看到皇后憋屈的表情,衡月終於覺得多日憋在心口的氣順了一些。
是她從前想岔了,越小心翼翼,越被皇后抓住把柄。
只要她擺出破罐子破摔的模樣,明白的告訴皇后,不管她做什麼,她都會留下這個孩子。
或許,皇后會覺得拿捏祝薰煙無望,從而放過臨華殿?
懷著這點忐忑的心情,回到未央宮,衡月補了一個很不安穩的覺。
還是上官徵將她叫起來的。
衡月不明白,最近上官徵就像是在和皇后故意作對一樣。
每次皇后找了她陰陽怪氣說一頓,皇上便要越加頻繁的來找她……
難道真的只是為了賭氣?
卻讓皇后更加不悅,繼而用在祝薰煙身上?
衡月覺得,真是無解。
她能跟皇后拍板,仗著的無非也就是皇上的寵愛;但皇上給的寵愛越多,皇后卻會將越多的注意力放在她身上。

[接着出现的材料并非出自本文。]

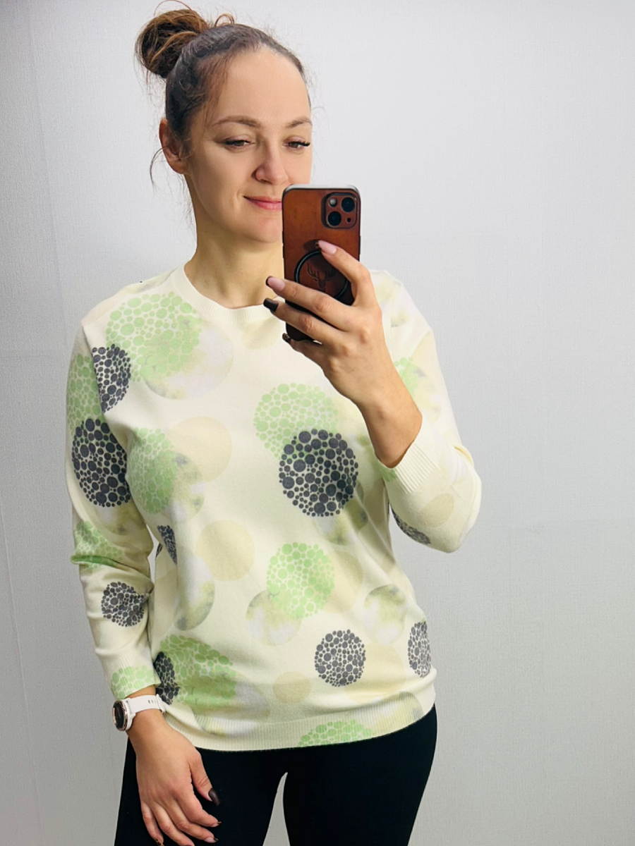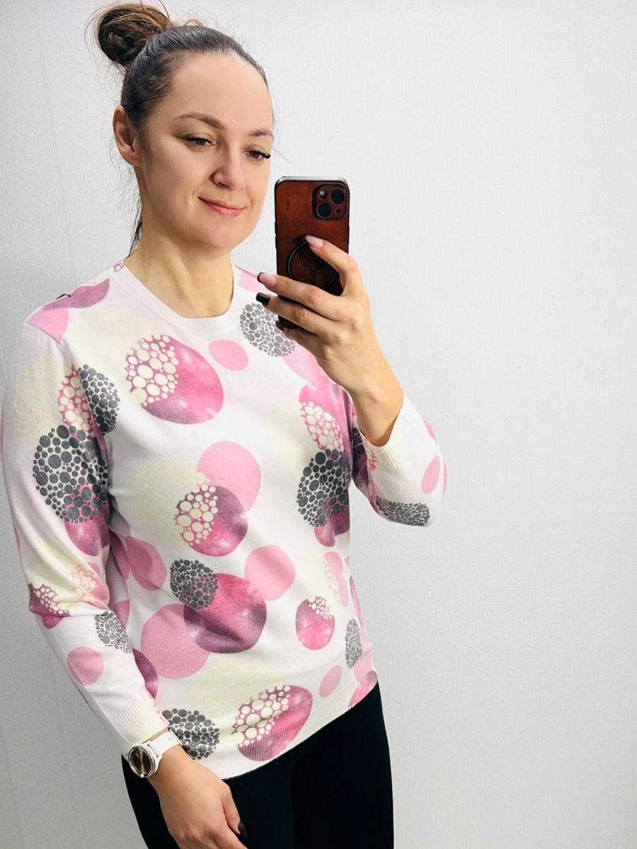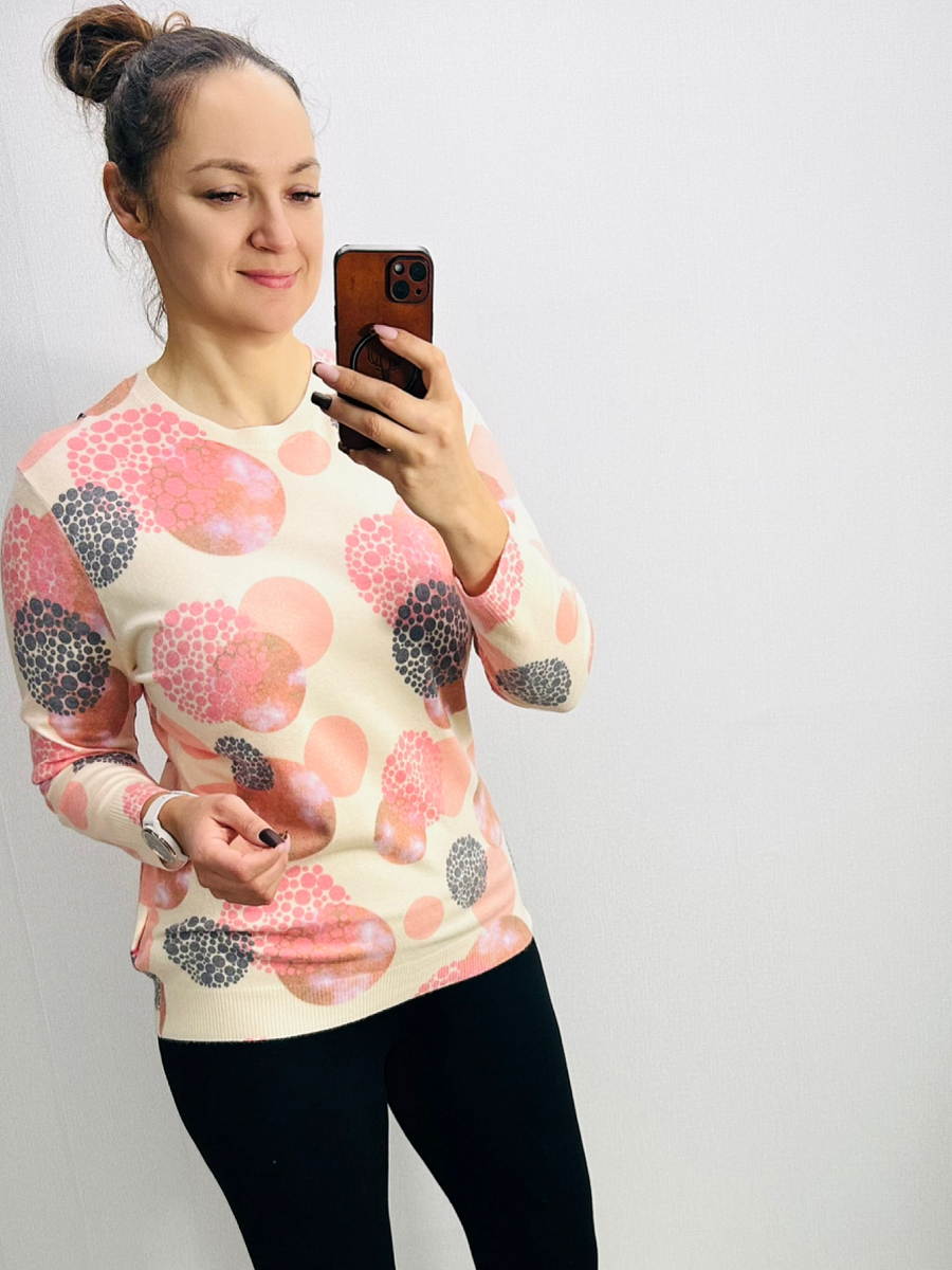 ✨ Mõnus ja mugav mustriline sviiter ✨ Otsid midagi, mis oleks ühtaegu stiilne ja supermugav? See pehme ja veniv sviiter on ideaalne valik igapäevaseks kandmiseks! 💫 Kerge ja elastne kangas tagab suurepärase liikumisvabaduse 💫 Hoiab hästi vormi ega kaota oma ilusat välimust 💫 Nahasõbralik ja pehme tänu viskoosile 💫 Vastupidav ja kvaliteetne materjal Modernne ja naiselik ümar muster loob pilkupüüdva, kuid samas maitsekalt tasakaalustatud visuaali. Sobib nii igapäevaseks kandmiseks kui ka veidi viisakamaks sündmuseks. 👚 Koostis 49% viskoos 28% elastaan 23% polüamiid 📏 Suurused ja mõõdud M/L – rinnaümbermõõt 110 cm, pikkus 69 cm XL/2XL – rinnaümbermõõt 116 cm, pikkus 71 cm 🎨 Saadaval värvitoonid 🌸 Heleroosa – pehmed pastelsed toonid, naiselik ja romantiline 💜 Lilla – mänguline ja rõõmsameelne valik ❤️ Koralliroosa – soe ja energiline toon 💚 Pastelne roheline – rahulik ja looduslähedane Sobita teksade, retuuside või seelikuga – tulemuseks on alati stiilne ja mugav komplekt 💕

勉強與上官徵一起待了一個下午,衡月只說自己如今已經不做噩夢了,讓皇上不必再在未央宮陪自己。
上官徵還略帶些委屈的看著她:「月兒不想朕陪著嗎?」
「嬪妾想,但……其餘姐妹,也想。」衡月低著頭,假裝自己更委屈。
上官徵便笑起來,他還以為衡月是被皇后提點了,或是吃醋,想一想,嘆道:「也罷,朕今日陪你一下午,確實還有事情要做。」
「今晚朕宿在大明宮。」留下這麼一句後,上官徵滿意的在衡月臉上看到羞澀和喜悅。
果然還是在乎他的。
上官徵高興的離開,衡月才起身,扭頭便變了臉色:「皇后今日又派人去臨華殿了?」
「還是那位太醫。」綠柳答道。
衡月抿了下唇,還想過去,但又怕碰到上官徵,又怕皇后知道會更為難祝薰煙。
左右躊躇,衡月還是在綠柳的勸說下睡了。
但這一晚,衡月自己躺在床上,翻來覆去的睡不著。
她乾脆披衣起來,思來想去還是覺得要去看看祝薰煙,或許這大半夜的去,皇后不會發現呢?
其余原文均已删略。